Haloperidol changes mRNA expression of a QKI splice variant in human astrocytoma cells

Background

The quaking homolog, KH domain RNA binding (mouse) (QKI) is a candidate gene for schizophrenia. Disturbed QKI mRNA expression is observed in the prefrontal cortex of patients, and some of these changes correlate to treatment with antipsychotic drugs.

To test if low doses of antipsychotic drugs can modify QKI mRNA expression, human astrocytoma (U343) and oligodendroglioma (HOG) cell lines were treated with five different antipsychotic drugs including Haloperidol, Aripiprazole, Clozapine, Olanzapine and Risperidone. Messenger RNA expression levels of splice variants QKI-5, QKI-6 and QKI-7 were measured by Real-Time PCR.

Results

Haloperidol treatment (0.2 μM) doubled QKI-7 mRNA levels in U343 cells after 6 hours (p-value < 0.02). The effect was dose dependent, and cells treated with ten times higher concentration (2 μM) responded with a five-fold and three-fold increase in QKI-7, 6 and 24 hours after treatment, respectively (p-values < 0.0001).

Conclusion

The results in U343 cells suggest that QKI-7 mRNA expression in human astrocytes is induced by Haloperidol, at concentrations similar to plasma levels relevant to clinical treatment of schizophrenia. The molecular mechanism of action of antipsychotic drugs after binding to receptors is not well known. We hypothesize that QKI regulation is involved in this mechanism.

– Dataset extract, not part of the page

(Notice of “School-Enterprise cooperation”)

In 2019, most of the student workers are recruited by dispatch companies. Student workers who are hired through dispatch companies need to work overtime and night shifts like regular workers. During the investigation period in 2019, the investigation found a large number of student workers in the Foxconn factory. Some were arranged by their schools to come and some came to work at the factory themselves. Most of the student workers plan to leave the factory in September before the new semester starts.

QKI was recently proposed as a candidate gene for schizophrenia based on linkage, association and mRNA expression studies [1–3]. The alteration of expression levels involves differential expression of splice variants. An earlier study showed decreased expression levels of QKI splice variant seven (QKI-7) in frontal cortex of schizophrenia patients [2]. QKI controls expression of oligodendrocyte related (OR) genes, as reviewed previously [4], and expression of OR genes has clearly been shown to be altered in schizophrenia [5]. Furthermore, QKI expression was recently shown to be both necessary and sufficient to promote myelination of oligodendrocytes [6]. Astrocytes also play a role in myelination by mediating communication between axons and myelinating glial cells [7] and it has been suggested that these two cell types are involved in the pathophysiology of schizophrenia. [8].

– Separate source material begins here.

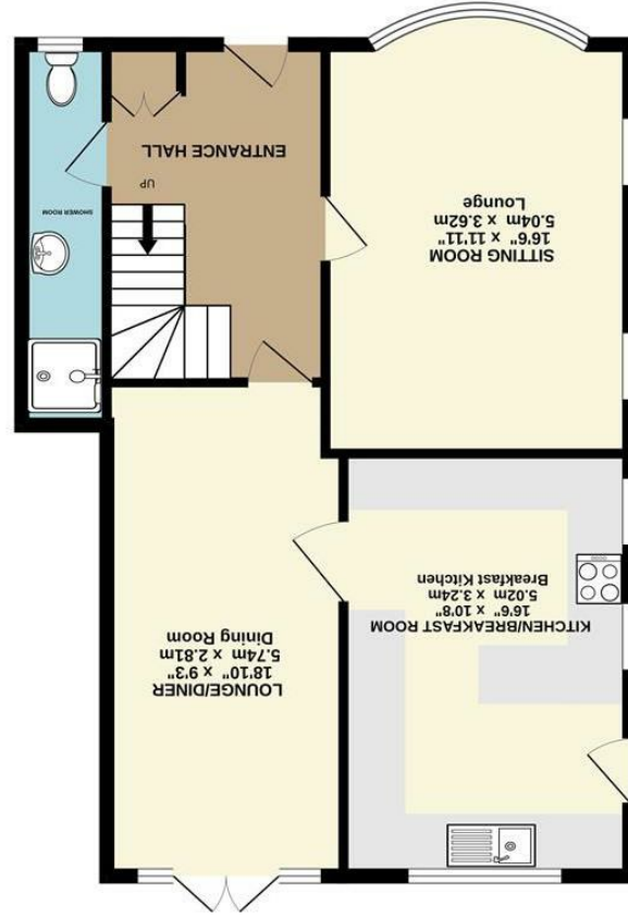
GROUND FLOOR 686 sq.ft. (63.7 sq.m.) approx.

Interestingly, an association between the type of antipsychotic drugs patients received and QKI mRNA expression was shown previously [2]. We hypothesized that antipsychotic medication influences QKI expression. To test this hypothesis we treated human oligodendroglioma (HOG) and astrocytoma (U343) cell lines with five different antipsychotic drugs, at levels similar to clinical plasma concentrations [9–12]. We show that Haloperidol stimulates QKI-7 mRNA expression selectively in U343 cells.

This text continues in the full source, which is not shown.